Most of my travel highlights involve climbing to the top of hills, monuments or artefacts…I’ve always had a thing for heights, and conversely, tend to find plains boring. The most notable exception was Ephesus, which is situated on land only gently sloping, and extending down onto a broad plain. Another exception was the Colosseum in Rome; the sheer scale and antiquity of it was stunning. Many of the remaining highlights were elevated.
Climbing the Eifel tower was the first such highlight. We arrived in the evening, and by the time we got through the queue and into the lifts, it was getting dark. We arrived on the second floor, and stepped out on a platform to see all of Paris lit up below us. It was really beautiful; the Paris Illuminations are justifiably famous, especially from that height. Below us we could see a 17th century merry-go-round, also brightly lit; and across the Seine, another.
Virtually every building in central Paris is built in keeping with the traditional architectural style, and so the scene arrayed before us could have been out of another era. We could picture horse drawn carriages, and ladies in gowns travelling the historic streets; although the presence of modern traffic did not seem out of place either.
Paris is a beautiful city; especially at night. We soaked up the atmosphere, and then descended the tower on foot. I was amazed by how many steps there were; and we’d only been half-way up the tower! By the time we reached the ground my legs were jelly… Amazing to think the tower was built as an art-piece, intended only to remain a few years & then be removed…(the Parisians at the time considered it a blot on the landscape, just as many today consider the fabulous glass pyramids at the Louvre to be…) The tower stands today as a testament to art and architecture, and to the madness inherent in the creative act.. Vivre la madness!!!
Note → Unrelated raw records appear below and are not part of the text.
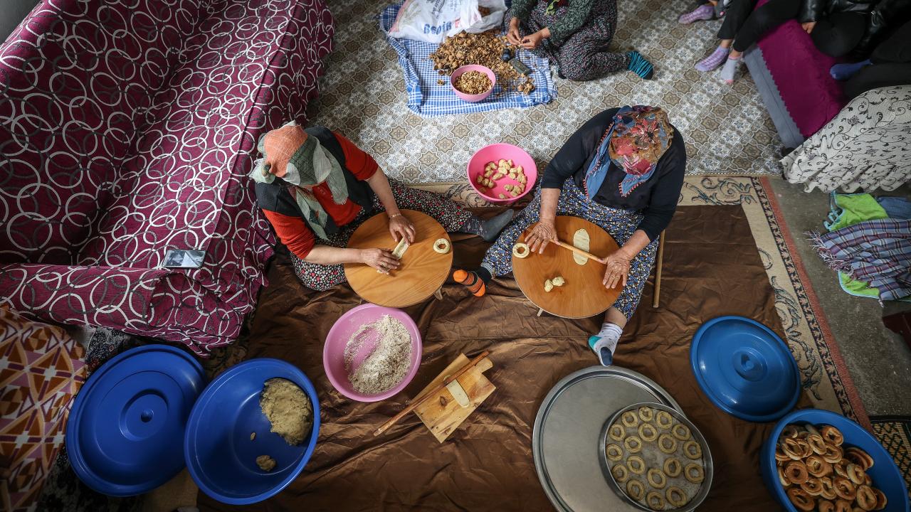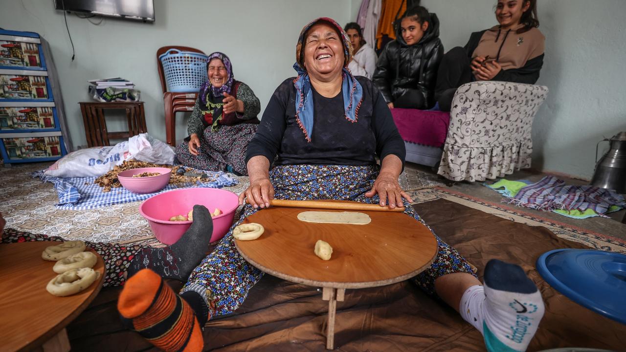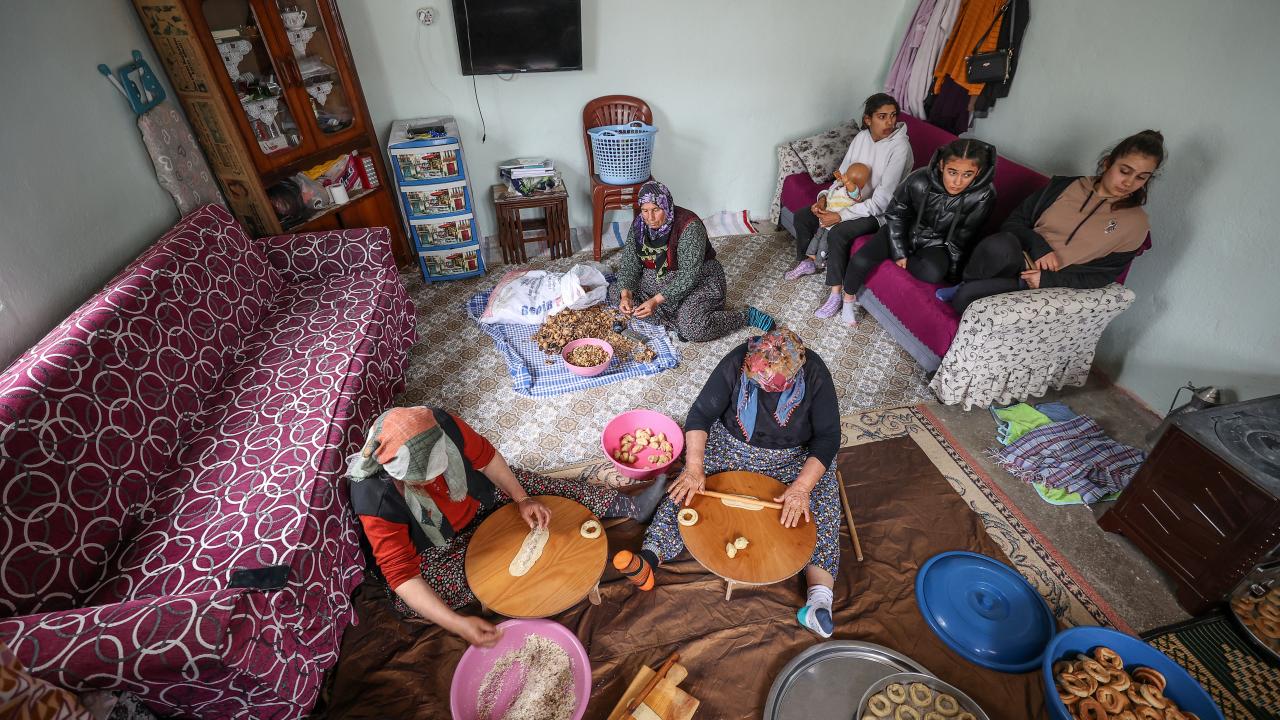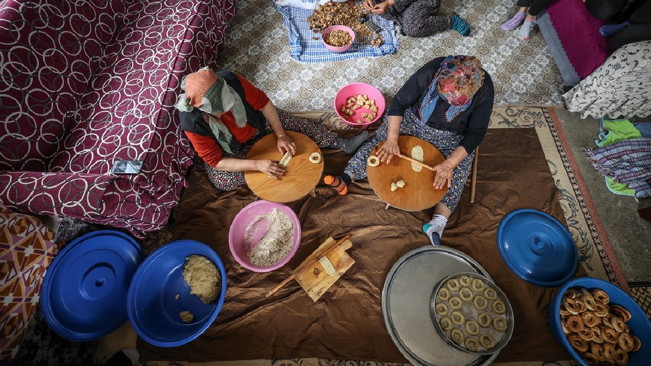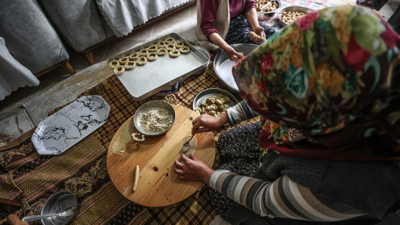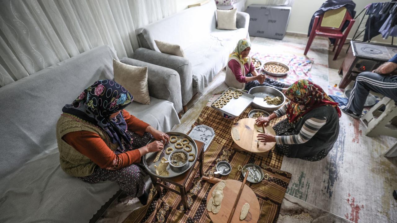 Kahramanmaraş merkezli 6 Şubat'taki depremlerden etkilenen Hatay'ın Yayladağı ilçesinde kadınlar, Ramazan Bayramı'nda misafirlerine ikram ettikleri yöresel kurabiye çeşidi 'halaka'ları hazırlamaya başladı.
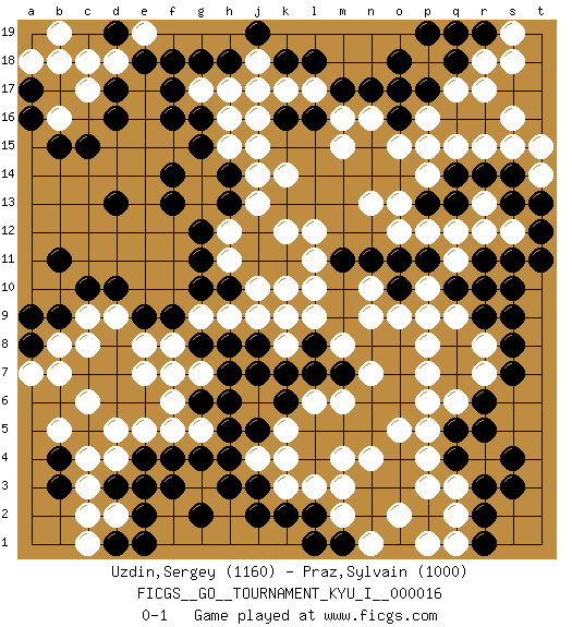 Last move : 0-1 2009 June 3 21:26:43 [Event "FICGS__GO__TOURNAMENT_KYU_I__000016"] [Site "FICGS"] [Date "2009.05.01"] [Round "1"] [Black "Uzdin,Sergey"] [White "Praz,Sylvain"] [Result "0-1"] [Rating 1 "1160"] [Rating 2 "1000"] 1.q16 d4 2.d17 q3 3.r5 p4 4.f3 c6 5.n3 k3 6.l2 n4 7.p2 q2 8.k2 l3 9.c15 k17 10.c10 d2 11.o17 g17 12.q10 r7 13.r6 o2 14.o3 p3 15.o4 p6 16.s7 r8 17.s8 p7 18.r9 p8 19.s3 m4 20.j3 o5 21.n2 p1 22.o10 r12 23.r14 p12 24.s11 n13 25.l16 n10 26.j5 k5 27.j7 j4 28.h4 k4 29.h3 j6 30.h5 h6 31.g6 h7 32.j8 o9 33.o11 o12 34.n11 n9 35.m11 k10 36.h8 g7 37.h10 k12 38.k11 k14 39.k16 j16 40.f18 g14 41.d13 l11 42.j11 l10 43.l7 m2 44.k6 f6 45.g2 g5 46.g4 k8 47.k7 k9 48.h18 l12 49.j17 h16 50.g8 f8 51.f9 e8 52.e9 q9 53.s10 p10 54.p11 q11 55.p9 r4 56.s4 p10 57.f7 r10 58.g6 e7 59.s9 f5 60.f13 g13 61.j12 j13 62.f14 n16 63.m17 p15 64.g12 j18 65.g18 h17 66.f17 m15 67.n17 r17 68.r16 q17 69.p17 s16 70.q18 r18 71.p19 s15 72.o18 p16 73.s13 r15 74.r2 c8 75.g15 h15 76.b9 b8 77.q14 q15 78.f16 l17 79.l18 m16 80.k18 j17 81.j19 g7 82.h6 r13 83.s14 m6 84.m7 n7 85.g16 h12 86.h14 j15 87.h13 j14 88.a8 a7 89.a9 b7 90.r3 q6 91.q5 p5 92.p13 s12 93.t12 p14 94.r11 q12 95.q10 p9 96.q13 o13 97.t13 m8 98.m1 m3 99.e4 e5 100.d3 c3 101.e2 c2 102.e3 d5 103.r19 s19 104.q19 s18 105.q4 d9 106.d10 c9 107.b11 l6 108.l8 l9 109.r10 j10 110.j2 n1 111.l1 h11 112.g11 h9 113.g10 j9 114.o16 o15 115.d1 c1 116.e1 t15 117.r1 t14 118.t11 g9 119.h7 f7 120.f4 c17 121.d16 b16 122.b15 b18 123.a17 d18 124.a16 a18 125.d19 e19 126.c19 b19 127.e18 c18 128.d19 q1 129.b4 b5 130.b3 c4 131.pass pass 0-1 Here are the names of the openings (joseki) played in the four corners : Corner q4 : q3 r5 Komoku (Somok, Xiao~mu`) 3-4 Point. The komoku (3-4) point is the traditional corner enclosure move.. Ikken Kakari (Hankan Keolch'im, Yi Gua`jiao~, 1-Space Low Pincer). The small knight move is the basic approach move to the 3-4 point stone. It has been continually used for over four centuries. There are limitless variations, with new moves constantly being discovered. Black 2 opens the door to a treaure store of joseki. Corner d4 : d4 f3 Hoshi (Hwajeom, Seongjeom, Xingwei`) 4-4 Point. The star or hoshi (4-4) point, emphasizing influence at the potential expense of territory. Ikken Kakari (Hankan Keolch'im, Yi Gua`jiao~, 1-Space Low Approach). Black 2 is the standard approach move to the 4-4. Player White won this Go (weiqi, baduk) game. Follow this game move after move (download)Everything would seem to be possible in Go. Like pulling a rabbit, by a magical move, out of a hat. (Pierre Audouard) Creativity involves breaking out of established patterns in order to look at things in a different way. (Edward De Bono)
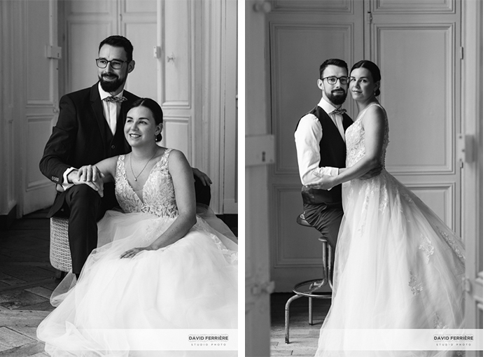 Ainsi, nous avons reçu nos jeunes mariés un beau matin de juin et grâce au parking privé du studio (est-ce un privilège ? une chance ? un atout ? je vous laisse juge), ils ont pu venir en toute décontraction et se changer sur place. Et nous voici lancés pour une heure de prise de vues en couleurs et en noir & blanc.
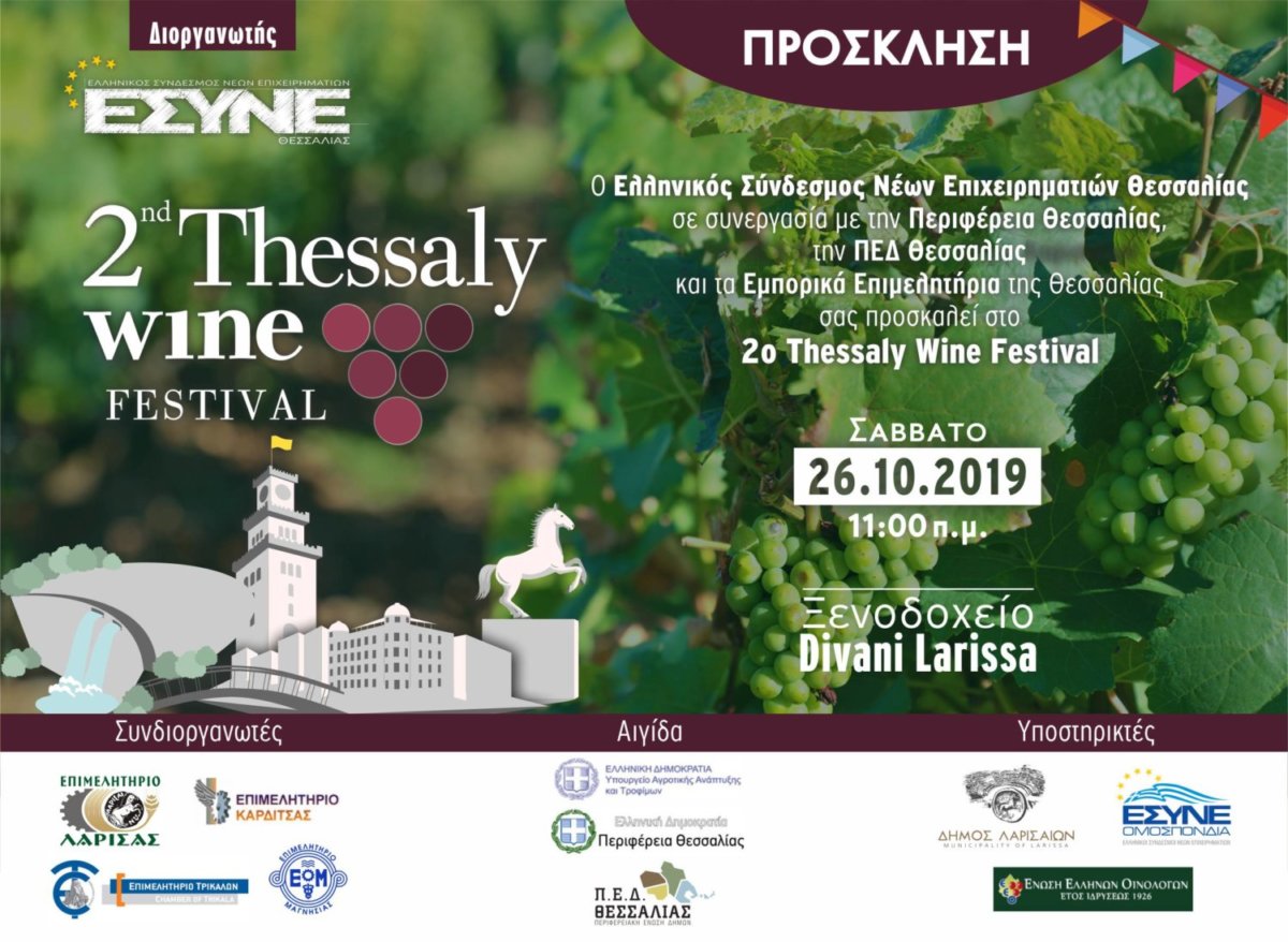 Από τον ΕΣΥΝΕ ανακοινώνεται, ότι το Σάββατο 26/10/2019 θα πραγματοποιηθεί το 2ο φεστιβάλ θεσσαλικού οίνου, στο ξενοδοχείο DIVANI PALACE στη Λάρισα.

Another form of madness provided my next highlight. As we travelled across Greece towards the town of Kalambaka, some of my companions discussed what form of insanity might cause religious fanatics to build monasteries on top of huge stone columns such as we were about to see in Meteora. All that remains of the over 70 original monasteries, are 7still standing, and only some of those still operating as monasteries. Why, people wondered, would anyone need to isolate themselves on top of gigantic stone pillars, in order to feel closer to god? As we drew nearer to the town of Kalambaka, we could see the rock formations towering over the buildings. The closer we got the more massive they appeared; they absolutely dominated the landscape. Our hotel (and every other building in town) had a fantastic view of these monstrous elemental artefacts.
In the morning we travelled by bus up into the foothills, where we passed caves in the side of some of the rock towers. In these caves (more like cracks and slits in the sheer rock-face) were what looked like small platforms made of twigs, that were used by monks who sought purification. They would go and live on these fragile platforms for days or weeks, until the flesh was subdued. These people took their spiritual hygiene seriously!
The closer we got to the rock-towers, the bigger we saw they were. Here and there we could see buildings on the topmost part of the formation. We eventually arrived at a height about 2/3rd of the way up, where the bus parked, the rest of the way was on foot. At one time the only access to the monasteries had been by basket, hauled up the sheer cliffs by winch. Now roads have been built bringing visitors closer to the towers, and stone bridges constructed across the chasms, so that only a modest amount of energy is required to reach the top. (More than some people wanted to exert, but I felt it should have been more difficult…) Once we arrived at the monastery it was truly a world apart. Had it not been for the huge number of tourists, it would have been really tranquil.
Each monastery sits atop its own tower, and as I mentioned, at one time there had been over 70. This gives you some idea of the scale of these amazing rock-formations. They extend for miles, and are surrounded by extensive flat plains in all directions.
The first monastery we visited was for men only, and I was asked by the Monk at the entry, (quite sternly,) to cover my chest, before I was allowed to enter. This done, we explored the public portion of what was quite a large facility. Everything had been hand decorated with elaborate religious artwork, and was very beautiful. The second visit was to the Ladies monastery, which was smaller and more dainty, with a pretty little pocket of garden in front of the caretakers cottage. The artwork style was more feminine too.
After these visits we stopped at a point near the road where we could walk out onto a rock pillar on foot. Here in the presence of only a few other people, we experienced the peace and tranquillity that had brought the early religious pilgrims. No-one questioned the sanity or logic of building monasteries there after that.